Critical Sociology of Big Data: The possibilities for social research, commercial enterprise, and the efficient government offered by the massive digital data sets – big data – that are now collected via individuals’ online activities have been widely discussed and publicized in recent years.
Much is made of the potential offered by these ever-expanding data sets in the popular media and in data science, business, global development, policing and security, politics, healthcare, education, and agriculture.
Big data is thought to provide greater precision and predictive capabilities in order to improve efficiency, safety, wealth generation, and resource management. The ability of digital technologies to harvest, mine, store, and analyze data is regarded as superior to other forms of knowledge, allowing for greater insight into human behavior than ever before.
However, big data as sociocultural artifacts has a lot more to say from a critical sociological perspective. After providing an overview of how big data discourses and practices have come to dominate many social spheres, I go over how digital data assemblages and algorithms wield power and authority, the metaphors used to describe big data, and what they reveal about our anxieties and concerns about the phenomenon, big data hubris and rotted data and big data ethical issues.

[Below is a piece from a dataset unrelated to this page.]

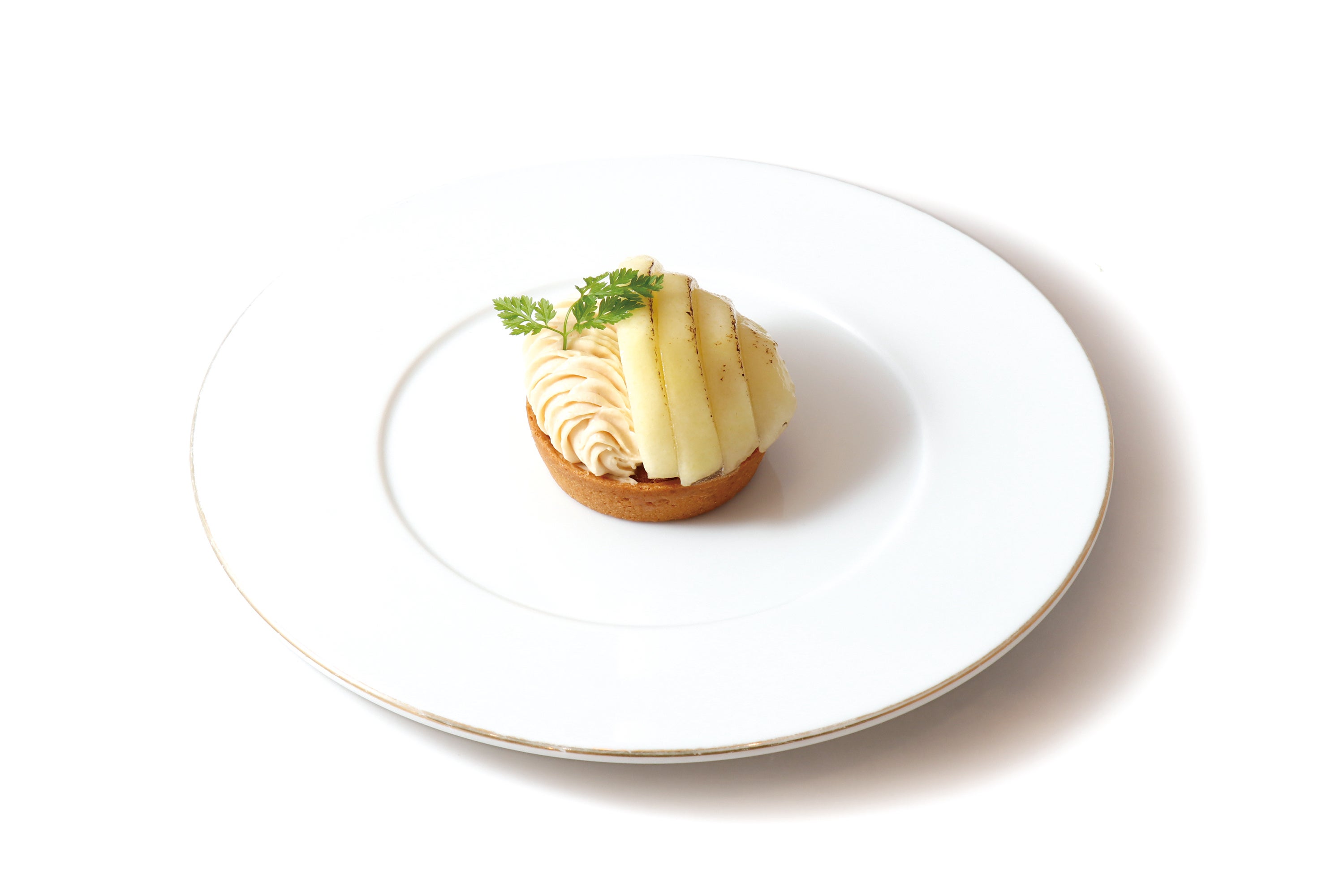 チョコレートの濃厚なコクと随所に配した林檎・洋梨などフルーツの酸味、ピスタチオやナッツの香ばしさが一体となって
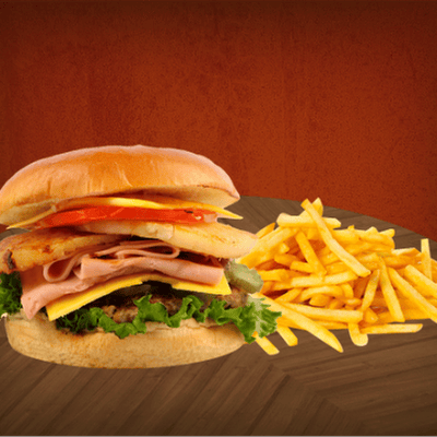 150 gr de jugosa carne, jamón, queso cheddar doble piña, jamón, lechuga italiana, jitomate, cebolla, pepinillos y papas fritas 150 gr.

Data that is digitally generated or stored has been around since the dawn of computing. The term “big data” refers to the massive increase in the quantity of digital data generated as a result of users’ transactions with and content creation via digital media technologies, as well as digital surveillance technologies like CCTV cameras, RFID chips, traffic monitors, and sensors monitoring the natural environment in the modern era.
Digital data objects are not only constantly generated, but they are also extremely detailed, allowing for precise pinpointing of many users’ activities. Smartphones collect information about whom the user calls, what websites and platforms they visit, and what search terms they use.
Through their embedded GPS receivers, compasses, gyroscopes, and accelerometers, they can track their users’ location and body movements.
Because of their ever-increasing volume, a constant state of generation, variety of sites from which they are produced, ability to search within and compare data sets, and potential to link to each other to create new and more detailed data sets, these data are considered ‘bigger’ than other types of data. These characteristics of digital data, it is argued, necessitate new approaches to data storage, processing, and analysis (Boyd and Crawford 2012; Dumbill 2013).
The term ‘big data is becoming increasingly common in the popular press, government reports, and business blogs. From January 2004 to March 2014, I created a Google Trends graph of the frequency of searches for the term “big data” (appropriately enough using a big data tool to research big data).
This indicated that until the end of 2010, the frequency of searches remained low. However, the term began to be searched for more frequently in 2011, and it has steadily increased since then, reaching a peak (at the time of writing) in March 2014. The Google Trends analysis also revealed that Asia had by far the greatest regional interest in big data, as evidenced by Google searches, with India showing the most relative interest, followed by Singapore, South Korea, Taiwan, and Hong Kong.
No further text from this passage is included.